#### SUPPLIED INFORMATION ####
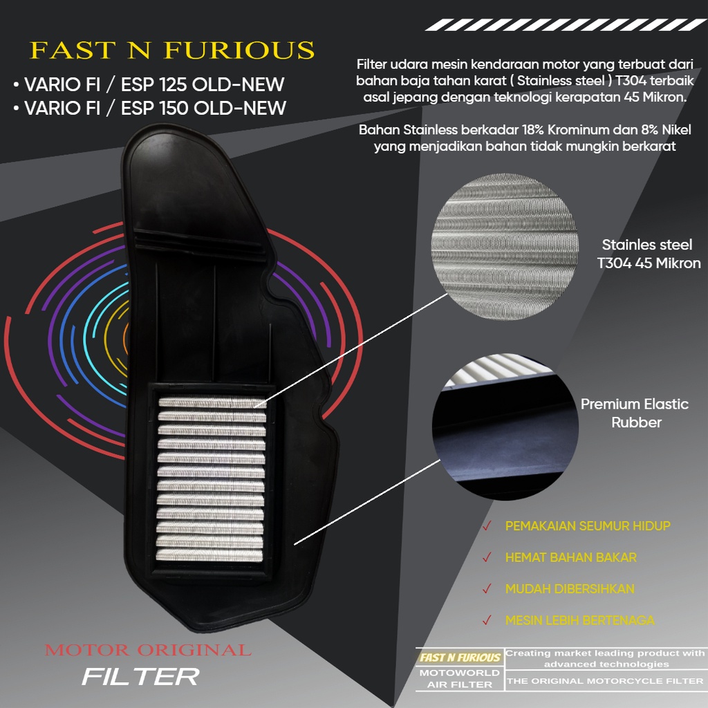 Filter Udara Stainless Saringan Udara Vario Fi ESP 125 150 Original Fast N Furious
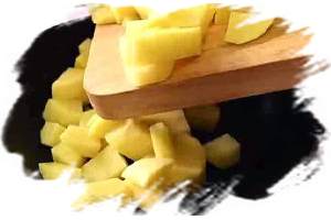 Картошку очищаем от кожуры и нарезаем небольшими кубиками или соломкой, кто как больше любит.
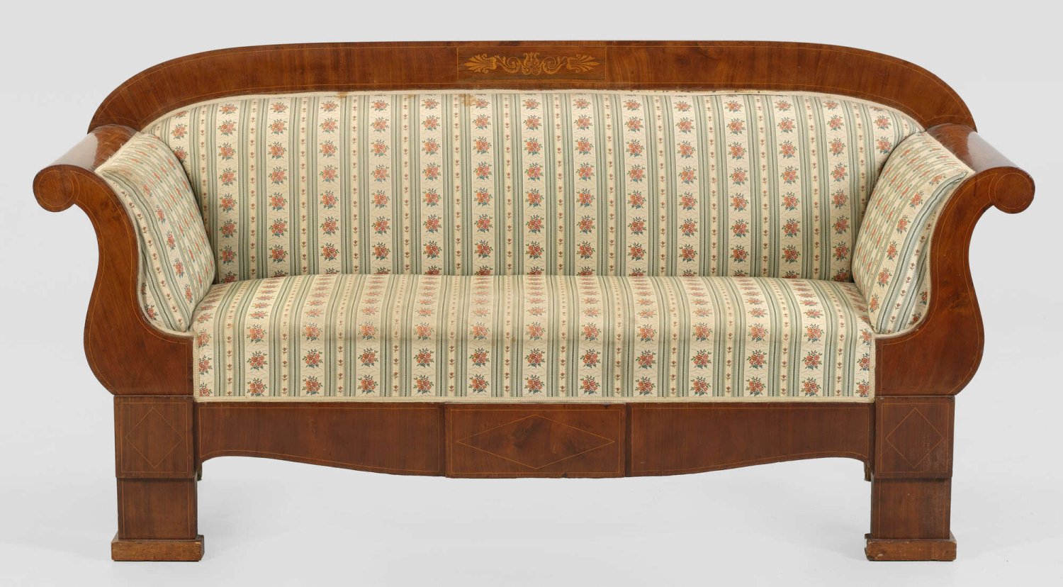 Biedermeier-Sofa Mahagoni, furniert. Leicht geschweifte Zarge auf pfostenförmigen Füßen. Volutenförmige, gerundete Armlehnen. Breite, gewölbte Rückenlehnenrahmung mit intarsiertem Lyramotiv und Blattvoluten. Gepolstert und bezogen. H. 97,5 cm. 197 cm x 68 cm.
####
[EXERCISE]:
Return every line of the listing exactly, leaving its pictures behind.

[RESPONSE]:
 Filter Udara Stainless Saringan Udara Vario Fi ESP 125 150 Original Fast N Furious
 Картошку очищаем от кожуры и нарезаем небольшими кубиками или соломкой, кто как больше любит.
 Biedermeier-Sofa Mahagoni, furniert. Leicht geschweifte Zarge auf pfostenförmigen Füßen. Volutenförmige, gerundete Armlehnen. Breite, gewölbte Rückenlehnenrahmung mit intarsiertem Lyramotiv und Blattvoluten. Gepolstert und bezogen. H. 97,5 cm. 197 cm x 68 cm.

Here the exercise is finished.